BEGIN The data

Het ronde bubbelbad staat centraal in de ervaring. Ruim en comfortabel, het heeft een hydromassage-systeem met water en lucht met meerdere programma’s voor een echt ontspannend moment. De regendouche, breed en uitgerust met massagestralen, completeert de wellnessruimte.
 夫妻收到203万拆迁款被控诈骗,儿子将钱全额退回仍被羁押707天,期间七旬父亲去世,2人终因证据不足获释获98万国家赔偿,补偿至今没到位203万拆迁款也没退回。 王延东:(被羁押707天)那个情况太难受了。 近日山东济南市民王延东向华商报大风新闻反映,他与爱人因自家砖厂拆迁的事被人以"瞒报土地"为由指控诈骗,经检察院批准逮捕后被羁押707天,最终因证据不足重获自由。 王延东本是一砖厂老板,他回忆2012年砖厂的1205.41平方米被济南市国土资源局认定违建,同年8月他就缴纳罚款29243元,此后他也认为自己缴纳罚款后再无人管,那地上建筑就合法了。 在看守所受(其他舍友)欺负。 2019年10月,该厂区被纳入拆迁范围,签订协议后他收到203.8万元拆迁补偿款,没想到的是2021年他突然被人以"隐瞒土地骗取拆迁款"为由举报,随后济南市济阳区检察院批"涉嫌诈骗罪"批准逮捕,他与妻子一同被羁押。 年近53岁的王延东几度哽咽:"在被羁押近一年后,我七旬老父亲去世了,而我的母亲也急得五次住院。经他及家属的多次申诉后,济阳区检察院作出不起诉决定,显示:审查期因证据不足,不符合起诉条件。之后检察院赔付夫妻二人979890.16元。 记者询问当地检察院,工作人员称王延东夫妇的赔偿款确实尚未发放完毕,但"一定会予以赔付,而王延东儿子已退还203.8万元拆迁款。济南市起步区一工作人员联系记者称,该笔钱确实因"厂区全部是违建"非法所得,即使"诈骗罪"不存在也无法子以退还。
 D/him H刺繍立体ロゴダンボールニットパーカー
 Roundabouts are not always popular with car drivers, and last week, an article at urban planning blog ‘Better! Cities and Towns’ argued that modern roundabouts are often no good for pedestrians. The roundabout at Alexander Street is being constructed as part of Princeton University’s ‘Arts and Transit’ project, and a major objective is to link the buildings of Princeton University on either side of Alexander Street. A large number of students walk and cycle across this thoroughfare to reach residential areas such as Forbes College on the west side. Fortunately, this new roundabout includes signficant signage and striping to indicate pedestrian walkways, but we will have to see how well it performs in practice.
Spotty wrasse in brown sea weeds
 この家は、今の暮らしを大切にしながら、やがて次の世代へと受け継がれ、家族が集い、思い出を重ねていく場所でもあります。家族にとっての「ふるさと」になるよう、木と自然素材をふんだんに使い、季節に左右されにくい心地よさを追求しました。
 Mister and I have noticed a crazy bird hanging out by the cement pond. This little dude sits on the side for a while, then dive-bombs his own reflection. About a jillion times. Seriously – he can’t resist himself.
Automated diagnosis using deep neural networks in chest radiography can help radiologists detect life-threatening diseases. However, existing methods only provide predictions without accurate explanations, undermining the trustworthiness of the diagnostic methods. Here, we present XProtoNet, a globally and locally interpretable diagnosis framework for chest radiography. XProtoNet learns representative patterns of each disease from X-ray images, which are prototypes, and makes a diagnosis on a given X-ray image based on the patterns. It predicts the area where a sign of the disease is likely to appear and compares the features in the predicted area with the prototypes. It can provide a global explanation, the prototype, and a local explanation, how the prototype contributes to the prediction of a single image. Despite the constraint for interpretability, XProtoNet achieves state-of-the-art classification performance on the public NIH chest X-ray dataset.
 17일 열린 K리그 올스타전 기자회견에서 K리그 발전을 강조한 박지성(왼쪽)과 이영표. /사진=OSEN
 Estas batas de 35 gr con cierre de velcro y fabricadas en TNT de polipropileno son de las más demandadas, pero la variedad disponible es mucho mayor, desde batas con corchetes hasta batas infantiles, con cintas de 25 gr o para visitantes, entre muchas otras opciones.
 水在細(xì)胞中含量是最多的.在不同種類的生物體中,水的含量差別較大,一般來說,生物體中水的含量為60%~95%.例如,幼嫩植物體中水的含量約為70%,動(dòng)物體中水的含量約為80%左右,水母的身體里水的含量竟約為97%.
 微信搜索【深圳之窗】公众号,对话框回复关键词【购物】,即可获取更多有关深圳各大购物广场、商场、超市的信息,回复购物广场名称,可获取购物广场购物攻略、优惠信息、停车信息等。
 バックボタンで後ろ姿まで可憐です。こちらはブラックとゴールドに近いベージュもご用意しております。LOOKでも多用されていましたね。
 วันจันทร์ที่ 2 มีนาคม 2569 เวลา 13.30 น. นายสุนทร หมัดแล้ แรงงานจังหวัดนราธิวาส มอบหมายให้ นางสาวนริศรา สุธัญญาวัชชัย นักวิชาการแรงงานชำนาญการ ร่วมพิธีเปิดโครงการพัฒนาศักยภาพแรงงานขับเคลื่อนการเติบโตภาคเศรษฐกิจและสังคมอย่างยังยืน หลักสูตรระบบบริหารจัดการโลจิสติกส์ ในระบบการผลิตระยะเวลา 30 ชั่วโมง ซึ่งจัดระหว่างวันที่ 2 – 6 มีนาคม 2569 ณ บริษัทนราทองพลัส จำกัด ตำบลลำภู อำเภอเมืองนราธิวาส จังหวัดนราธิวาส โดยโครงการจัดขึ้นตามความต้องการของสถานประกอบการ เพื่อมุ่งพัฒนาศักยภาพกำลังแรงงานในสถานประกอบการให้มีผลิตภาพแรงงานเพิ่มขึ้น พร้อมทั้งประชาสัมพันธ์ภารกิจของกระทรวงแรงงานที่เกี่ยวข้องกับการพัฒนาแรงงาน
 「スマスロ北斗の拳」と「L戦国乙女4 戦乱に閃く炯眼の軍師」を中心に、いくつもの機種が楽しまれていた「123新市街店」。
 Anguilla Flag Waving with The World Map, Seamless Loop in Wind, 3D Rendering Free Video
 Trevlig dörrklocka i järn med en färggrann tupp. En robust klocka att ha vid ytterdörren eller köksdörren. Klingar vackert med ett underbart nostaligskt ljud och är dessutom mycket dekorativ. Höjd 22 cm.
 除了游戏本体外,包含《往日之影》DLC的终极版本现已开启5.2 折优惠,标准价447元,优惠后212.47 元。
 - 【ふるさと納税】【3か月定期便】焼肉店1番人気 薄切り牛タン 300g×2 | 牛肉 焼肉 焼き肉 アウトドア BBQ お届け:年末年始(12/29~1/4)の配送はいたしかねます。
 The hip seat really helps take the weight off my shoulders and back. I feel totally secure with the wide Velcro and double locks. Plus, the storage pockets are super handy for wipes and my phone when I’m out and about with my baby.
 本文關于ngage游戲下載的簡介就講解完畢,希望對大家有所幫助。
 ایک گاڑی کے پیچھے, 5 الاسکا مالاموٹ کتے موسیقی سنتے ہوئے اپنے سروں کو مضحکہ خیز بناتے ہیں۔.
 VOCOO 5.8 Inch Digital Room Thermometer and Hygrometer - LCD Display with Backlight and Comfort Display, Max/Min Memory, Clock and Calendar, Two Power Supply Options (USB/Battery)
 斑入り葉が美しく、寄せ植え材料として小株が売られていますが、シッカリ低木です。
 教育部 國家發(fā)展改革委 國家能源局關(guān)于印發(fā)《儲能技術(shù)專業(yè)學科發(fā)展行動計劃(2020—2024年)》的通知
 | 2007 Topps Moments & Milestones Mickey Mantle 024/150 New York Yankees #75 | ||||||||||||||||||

END The data

**Aim of the exercise**
From the data above, copy every line where "have" appears.

**Your response**
 Roundabouts are not always popular with car drivers, and last week, an article at urban planning blog ‘Better! Cities and Towns’ argued that modern roundabouts are often no good for pedestrians. The roundabout at Alexander Street is being constructed as part of Princeton University’s ‘Arts and Transit’ project, and a major objective is to link the buildings of Princeton University on either side of Alexander Street. A large number of students walk and cycle across this thoroughfare to reach residential areas such as Forbes College on the west side. Fortunately, this new roundabout includes signficant signage and striping to indicate pedestrian walkways, but we will have to see how well it performs in practice.
 Mister and I have noticed a crazy bird hanging out by the cement pond. This little dude sits on the side for a while, then dive-bombs his own reflection. About a jillion times. Seriously – he can’t resist himself.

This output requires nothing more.